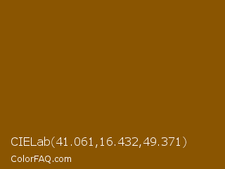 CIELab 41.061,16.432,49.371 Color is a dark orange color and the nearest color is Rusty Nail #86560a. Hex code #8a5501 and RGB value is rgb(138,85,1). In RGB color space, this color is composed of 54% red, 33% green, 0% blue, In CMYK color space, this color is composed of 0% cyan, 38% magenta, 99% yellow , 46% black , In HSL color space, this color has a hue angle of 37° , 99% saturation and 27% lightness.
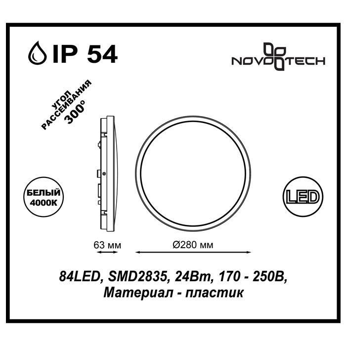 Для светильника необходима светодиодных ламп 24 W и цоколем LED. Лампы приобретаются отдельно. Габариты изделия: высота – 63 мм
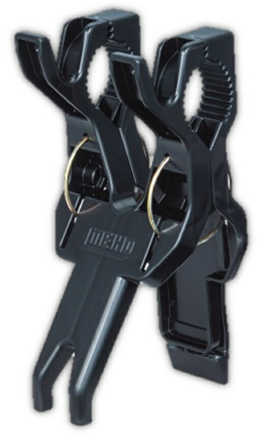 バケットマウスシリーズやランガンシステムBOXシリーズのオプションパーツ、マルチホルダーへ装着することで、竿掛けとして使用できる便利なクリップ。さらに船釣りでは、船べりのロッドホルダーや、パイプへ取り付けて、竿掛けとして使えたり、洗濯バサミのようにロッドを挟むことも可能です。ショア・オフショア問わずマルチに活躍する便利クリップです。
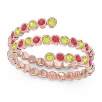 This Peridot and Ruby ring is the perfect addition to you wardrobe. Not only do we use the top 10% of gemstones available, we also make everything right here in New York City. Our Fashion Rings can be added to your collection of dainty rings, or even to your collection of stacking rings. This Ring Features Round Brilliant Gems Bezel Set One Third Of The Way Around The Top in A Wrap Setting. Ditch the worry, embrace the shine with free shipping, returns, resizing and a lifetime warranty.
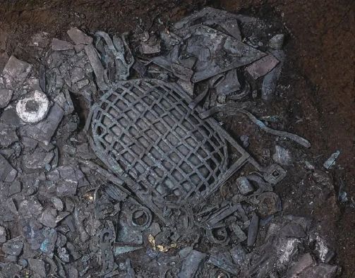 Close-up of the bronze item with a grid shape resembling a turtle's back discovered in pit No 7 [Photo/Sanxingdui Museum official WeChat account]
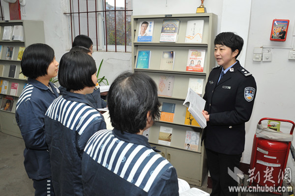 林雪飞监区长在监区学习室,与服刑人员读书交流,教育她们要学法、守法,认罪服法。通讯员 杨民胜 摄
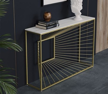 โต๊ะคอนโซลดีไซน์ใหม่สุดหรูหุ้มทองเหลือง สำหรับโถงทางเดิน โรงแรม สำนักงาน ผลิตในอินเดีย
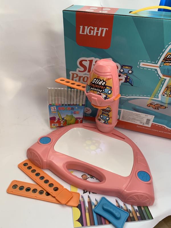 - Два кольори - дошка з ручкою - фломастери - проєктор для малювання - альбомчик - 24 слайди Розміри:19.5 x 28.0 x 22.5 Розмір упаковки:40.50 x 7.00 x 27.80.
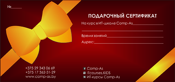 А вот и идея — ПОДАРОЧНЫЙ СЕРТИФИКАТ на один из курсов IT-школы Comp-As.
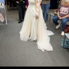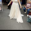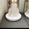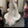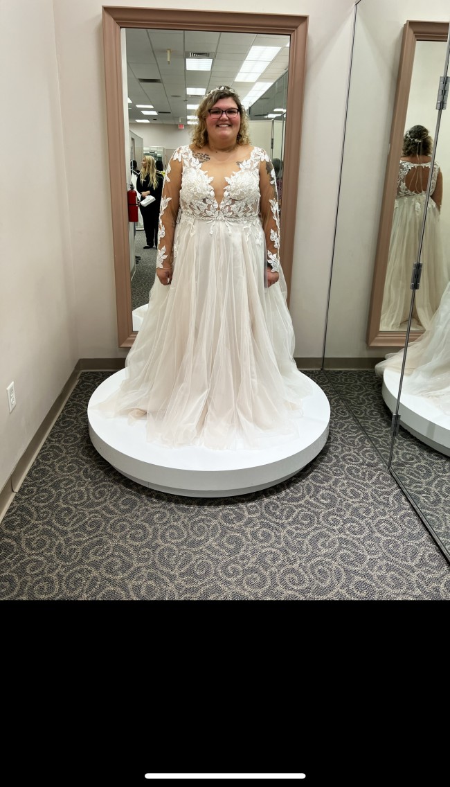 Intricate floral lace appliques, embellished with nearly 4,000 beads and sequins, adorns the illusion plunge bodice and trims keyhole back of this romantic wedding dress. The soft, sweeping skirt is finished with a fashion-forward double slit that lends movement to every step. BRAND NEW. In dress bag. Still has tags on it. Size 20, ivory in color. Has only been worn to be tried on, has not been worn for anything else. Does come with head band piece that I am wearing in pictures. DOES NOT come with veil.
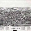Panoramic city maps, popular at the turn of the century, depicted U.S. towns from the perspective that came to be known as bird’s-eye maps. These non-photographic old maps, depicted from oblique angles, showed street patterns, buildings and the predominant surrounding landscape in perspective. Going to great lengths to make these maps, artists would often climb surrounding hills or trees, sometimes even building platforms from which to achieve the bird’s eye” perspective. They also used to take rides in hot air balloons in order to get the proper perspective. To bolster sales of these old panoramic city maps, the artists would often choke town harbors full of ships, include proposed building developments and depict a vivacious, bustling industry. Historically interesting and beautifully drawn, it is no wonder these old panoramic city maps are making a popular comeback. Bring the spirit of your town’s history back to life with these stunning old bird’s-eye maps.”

▶ **Exercise brief**
Give again, word for word, only the lines that run from the top of the data above through the line with "バケットマウスシリーズやラン". Drop the pictures.

▶ **Reply**
 CIELab 41.061,16.432,49.371 Color is a dark orange color and the nearest color is Rusty Nail #86560a. Hex code #8a5501 and RGB value is rgb(138,85,1). In RGB color space, this color is composed of 54% red, 33% green, 0% blue, In CMYK color space, this color is composed of 0% cyan, 38% magenta, 99% yellow , 46% black , In HSL color space, this color has a hue angle of 37° , 99% saturation and 27% lightness.
 Для светильника необходима светодиодных ламп 24 W и цоколем LED. Лампы приобретаются отдельно. Габариты изделия: высота – 63 мм
 バケットマウスシリーズやランガンシステムBOXシリーズのオプションパーツ、マルチホルダーへ装着することで、竿掛けとして使用できる便利なクリップ。さらに船釣りでは、船べりのロッドホルダーや、パイプへ取り付けて、竿掛けとして使えたり、洗濯バサミのようにロッドを挟むことも可能です。ショア・オフショア問わずマルチに活躍する便利クリップです。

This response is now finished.